Ciężko opisać emocje, które dziś towarzyszyły kolarzom jadącym w 76. edycji Tour de Pologne. To był hołd złożony dla Belga, który zmarł wczoraj w szpitalu w Rybniku.
Peleton jechał z Jaworzna na Kocierz, a wszystko rozpoczęło się od wzniosłej minuty ciszy. Pierwsze 48 kilometrów na czele jechali koledzy Bjorga z ekipy Lotto Soudal. Tomasz Marczyński pod swoją koszulką miał koszulkę z numerem 143, z którym jechał do wczoraj utalentowany Belg.

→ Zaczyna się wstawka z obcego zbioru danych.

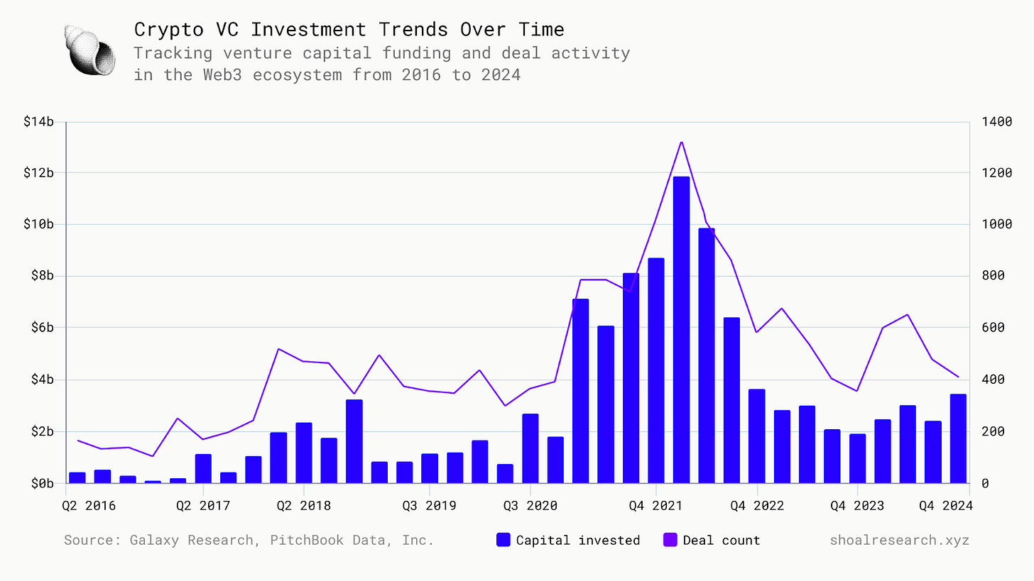 Thorn, A., & Parker, G. (2025, January 15). Crypto & Blockchain Venture Capital Q4 2024 [Research Report]. Galaxy. https://www.galaxy.com/insights/research/crypto-blockchain-venture-capital-q4-2024/.

Po 48 kilometrach cały peleton się zatrzymał i mieliśmy dłuższą, bardzo nostalgiczną przerwę. Później na czele jechały kolejne drużyny. Nie było ścigania, a etap został skrócony o jedną rundę i zneutralizowany.
W jednej z wypowiedzi dyrektor generalny Tour de Pologne, Czesław Lang poinformował o zastrzeżeniu numer 143. Żaden kolarz z naszym tourze nie wystąpi już nigdy z takim numerem.